For torque we used to run every 30 minutes a cronjob that checked if the node is working properly and if not it disabled them. With slurm I finally took the time to look for a way to have slurm automatically do it. Discovered it was extremely easy. You just need to add two config lines:
Now slurm runs every 5 minutes the health check program and if it gets stuck it's killed within 60s. The script has to perform a check and if a check fails it's got to take care of fixing it or disabling the node. It's done fairly simply. For example we check the presence of /hdfs directory for access to storage and if not ask slurm to drain the node:
# Test HDFS
NHDFS=`ls /hdfs|wc -l`
if [ $NHDFS -eq 0 ]; then
scontrol update NodeName=$NODE State=drain Reason="HDFS mount lost"

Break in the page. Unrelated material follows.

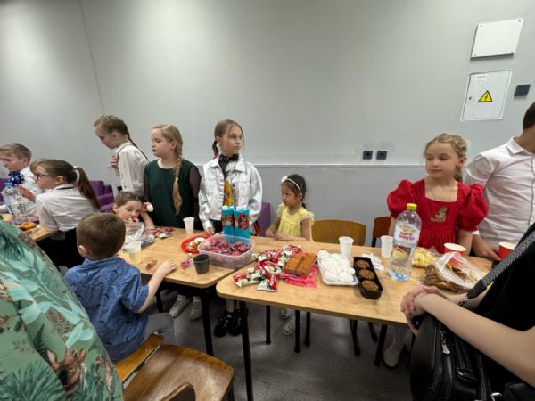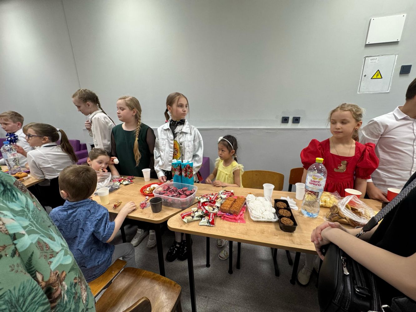 Со своими пасхальными песнопениями и детскими песнями выступил вокальный ансамбль "Божьи коровки" под управлением Ольги Олеговны Матрук, дети пели как хором, так и сольно. Проникновенное пение, яркие наряды и старание детей не оставило равнодушным никого в зале. Со своей пасхальной сценкой "Рядом с нами" выступила и Воскресная группа храма Петра и Февронии под руководством Елены Викторовны Чебаковой и при непосредственном участии родителей. Трогательная игра маленьких актёров, качественно подобранная музыка и костюма, а также тот факт, что чудесную сценку артисты репетировали всего три дня в маленьком храме-часовне, впечатлили всех зрителей. В завершении концертной программы прозвучали пасхальные частушки под собственный аккомпонемент на балалайке в исполнении Марии Путинцевой. По окончании творческих номеров отец Александр подарил каждому находящемуся в зале ребёнку шоколадное пасхальное яйцо и книжку о Светлом Празднике, а взрослым за воспитание деток в вере достались пасхальные шоколадные медали. Батюшка похристосовался с каждым участником мероприятия, после чего дети убежали на соревнования по катанию деревянных яиц, мастер-класс по колокольному звону от пономаря прихода Петра и Февронии Федора Елисеенко, а также приняли участие в праздничном чаепитии, подготовленном руками заботливых родителей.

You can add pretty much any check you want. The result is that sinfo nicely shows the drained nodes with reasons:
[root@slurm-1 ~]# sinfo -lN
Tue Dec 4 16:39:01 2012
NODELIST NODES PARTITION STATE CPUS S:C:T MEMORY TMP_DISK WEIGHT FEATURES REASON
wn-v-[2036,..,5384] 8 main* allocated 32 2:16:1 65536 0 1 (null) none
wn-v-[2072,..,7039] 19 main* drained 24+ 2:12+:1 49152+ 0 1 (null) HDFS mount lost
wn-v-[2324,..,6428] 6 main* idle 32 2:16:1 65536 0 1 (null) none
As you can see nodes that have lost the mount are automatically disabled and drained to be taken care of by you at some point.